From controversial views on young black people to tips on how to get rich, billionaire Johann Rupert's interview with PowerFM on Tuesday night has sparked wide scale criticism on social media and in some business circles.
Rupert, the chairperson of Swiss luxury goods company Richemont, was speaking with Given Mkhari at the station's annual event - Chairman's Conversation on Tuesday night.
Here are his top 10 views on the SA economy and what he would do if he were president.
1. People need access to networks
"I think people are good enough to make it on their own if they are given an opportunity and a fair chance," Rupert said, in a discussion about networks.
Mkhari suggested that there are young, particularly black professionals who are "not looking for a favour" but they don't have access to the economy and "need a leg up".
Rupert responded by saying that if PowerFM got young professionals together, he would get business people together for each of the groups to meet at a networking event.
"I have no problem as long as people understand there are no overnight successes, no tenderpreneurs," he added. Rupert said all population groups would be welcome to attend.
2. Improve the education system
Rupert went on to raise concerns over the education system. "My biggest concern is, we are not training people properly for a new economy," he said. "The schooling system is falling behind."
3. Voters are not fools
"The last time I engaged with government was with President Mbeki," he said. He said he does not hate former president Jacob Zuma, but he hates what he allowed to happen to the country.
Rupert said a "fireside" chat should be set up, as US President Ronald Reagan did, for government to tell South Africans exactly what is going on.
"All politicians for the last 10 years treated voters like fools. Voters are not fools, they are highly intelligent."
In these engagements, government and other stakeholders need to agree on how to grow the economy, and create jobs, and how to fix the education system.
4. Corruption stole from the poor
"What really irritates me, the corruption did not steal from us in the room… Corruption stole from the very poor," Rupert said.
The businessman said that if he were to become president he would call off elections, as is the case in China and Russia, and then quipped that this is why he is not involved in politics.
5. Create investor confidence
Rupert said that as president, he would prioritise investor confidence. When Mkhari probed him on what this would take, Rupert said government needs to "stick to the rules". He spoke of experiences where he collaborated with government for projects and alleged that halfway, deals would be changed.
Rupert added that creating investor confidence means "not calling people comrades on TV". In his view, an American fund manager would not take kindly to parliamentarians being called "comrade".
6. We let Mbeki down
"We let President [Thabo] Mbeki down because he created a perfect scenario for business to invest. But you know what – I think we could not believe our luck, we should have invested more from the private sector during that period… Before foreigners invest, they look at us," Rupert said about SA's investment environment.
7. Businesses need to be able to trust government
"We need a little bit of love from the government, and not being told you are white monopoly capitalists," Rupert said.

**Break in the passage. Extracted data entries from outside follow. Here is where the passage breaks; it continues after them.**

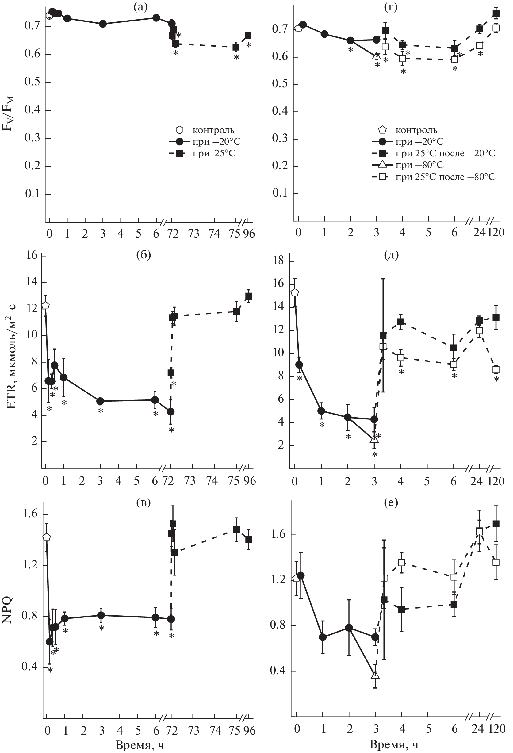 The influence of positive and negative temperatures, as well as dehydration/rehydration on the maximum photochemical efficiency, the rate of electron transfer in photosystem II and non-photochemical quenching of the moss Hylocomium splendens, widespread in the boreal forests of the Northern Hemisphere, is shown. It was found that this moss is resistant to low negative (–20 and –80°C) temperatures and significant water losses. On the contrary, in the hydrated state it is unstable to prolonged exposure to positive temperatures (40°C). High resistance to low temperatures and dehydration allowed H. splendens to successfully adapt to growing in northern latitudes and occupy a wide range.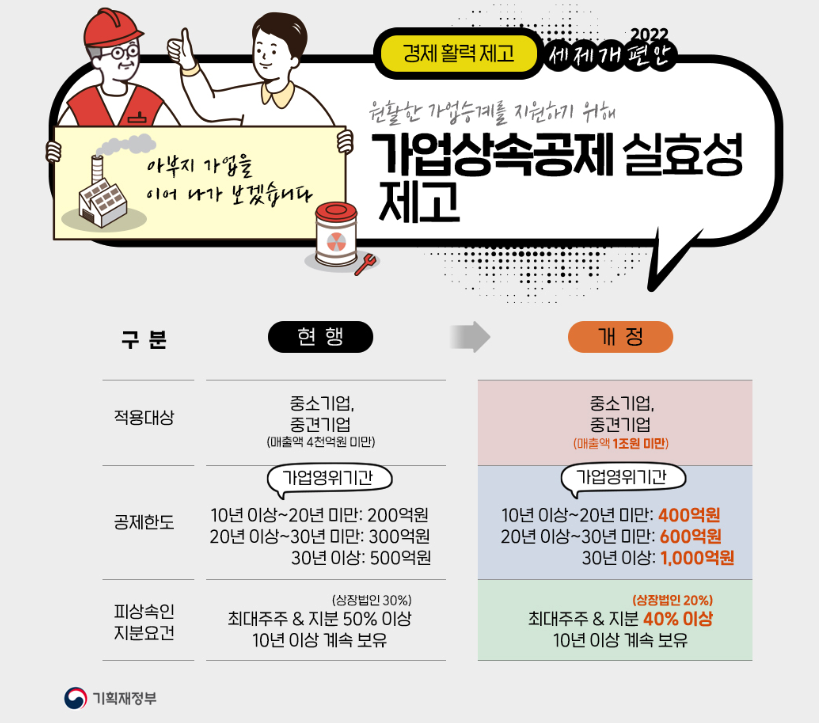 중견 / 중소기업의 상속으로 인한 경영권의 위험을 줄이게 되었습니다.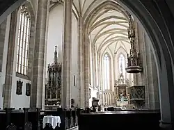 - ↑ Stavitelem lodi snad mohl být parléř Valentin, doložený v městských knihách na počátku 16. stol. Výraz parler (z latinského parlerius, tj. mluvčí) ve středověké němčině znamenal palír, tj. vedoucí stavby nebo také ten, který členům stavební huti vysvětluje záměry vedoucího mistra.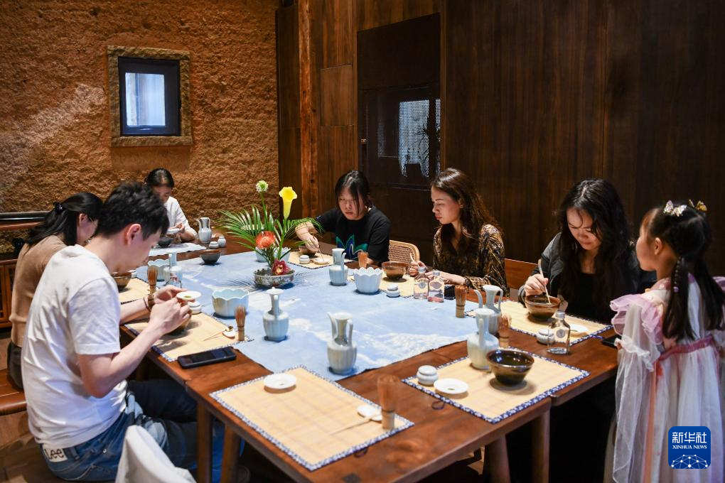 游客在長守戲劇谷里體驗制作抹茶(11月9日攝)。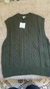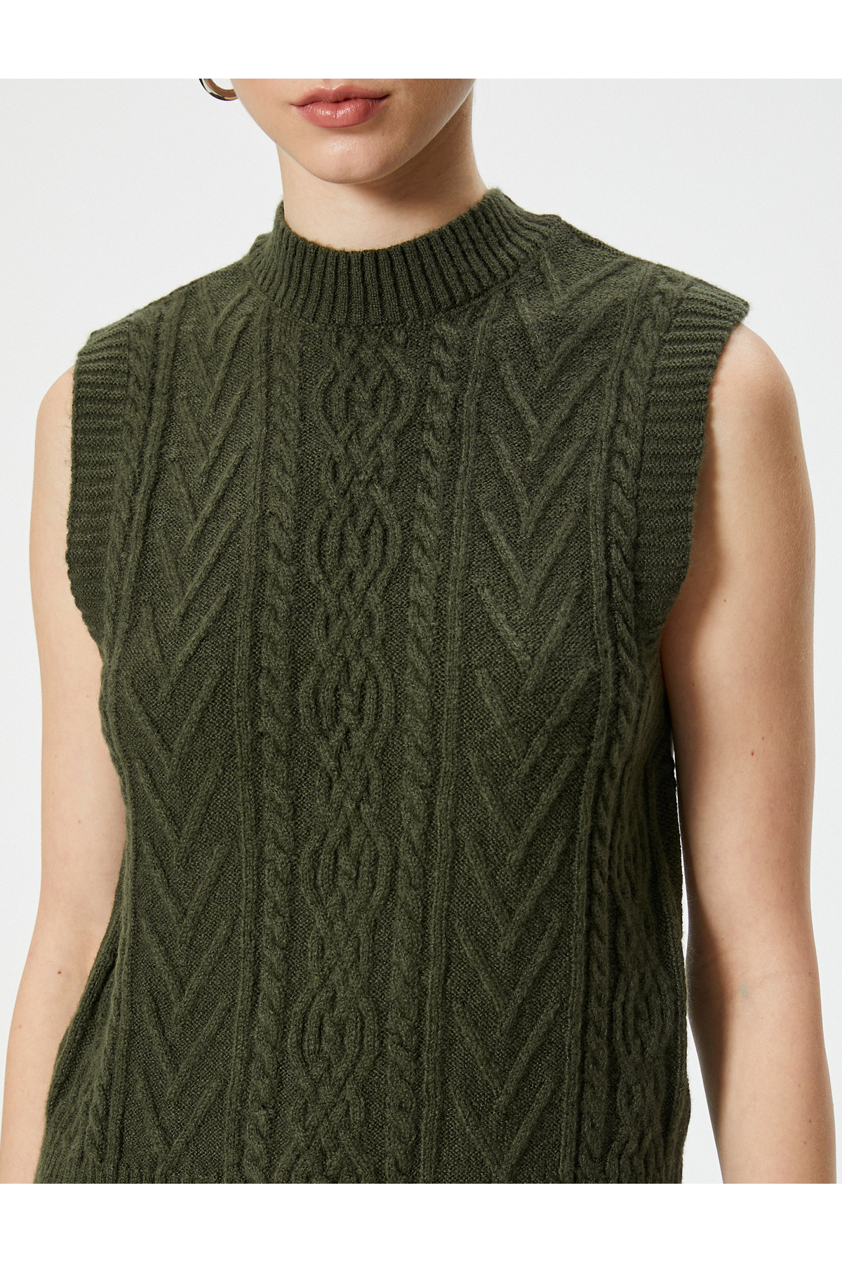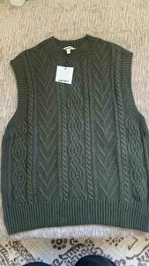 Dokulu Bisiklet Yaka Kolsuz Saç Örgü Süveter Dokulu Bisiklet Yaka Kolsuz Saç Örgü Süveter 5WAK20008HT XL

Both parties – government and business – need to trust each side.
8. Small and medium enterprises can create jobs
Rupert explained that there is a "misconception" that big businesses can create jobs. He in turn believes big businesses have the responsibility to produce products and to deliver services so well to compete internationally. "If we do and succeed- we can employ people with proper salaries and not slave wages, we can pay taxes," he said.
"Government can't create jobs. If governments could create jobs, there would not be any unemployment anywhere," he said. It is small and medium enterprises which can create jobs but the red tape must be cut.
He called out "thugs" at the SA Revenue Service for withholding VAT returns last year. "Do you have any idea of what happened to small businesses in this country when R20bn [in VAT returns] got withheld? They should all go to jail for just that," he said.
He emphasised that small to medium sized businesses create jobs worldwide.
9. Not father Christmas for SA
"I'm not father Christmas that can look after the whole country," Rupert said in response to a question from an audience member about what he is doing to uplift black entrepreneurs.
"I've been luckier than I thought I would, I made more money than I thought I would and that I often think I deserve, and my mother taught me to share, and I really give away a lot more money than I spend on our family. Quite frankly, I don't need lessons in sharing, because I know what I do and luckily the people close to me know what I do," he said.
10. No peace till proper redistribution of land
"I don’t think we will ever have peace unless there is a proper redistribution. I wouldn’t say land - I would say property," he said about land redistribution.
"Let’s not fall into the trap of Zimbabwe and Venezuela. Everything looked good on paper but the game is played on grass."
*Update: This article was updated at 10:55 on Thursday 6 December to clarify that Rupert said all population groups would be welcome to attend networking sessions.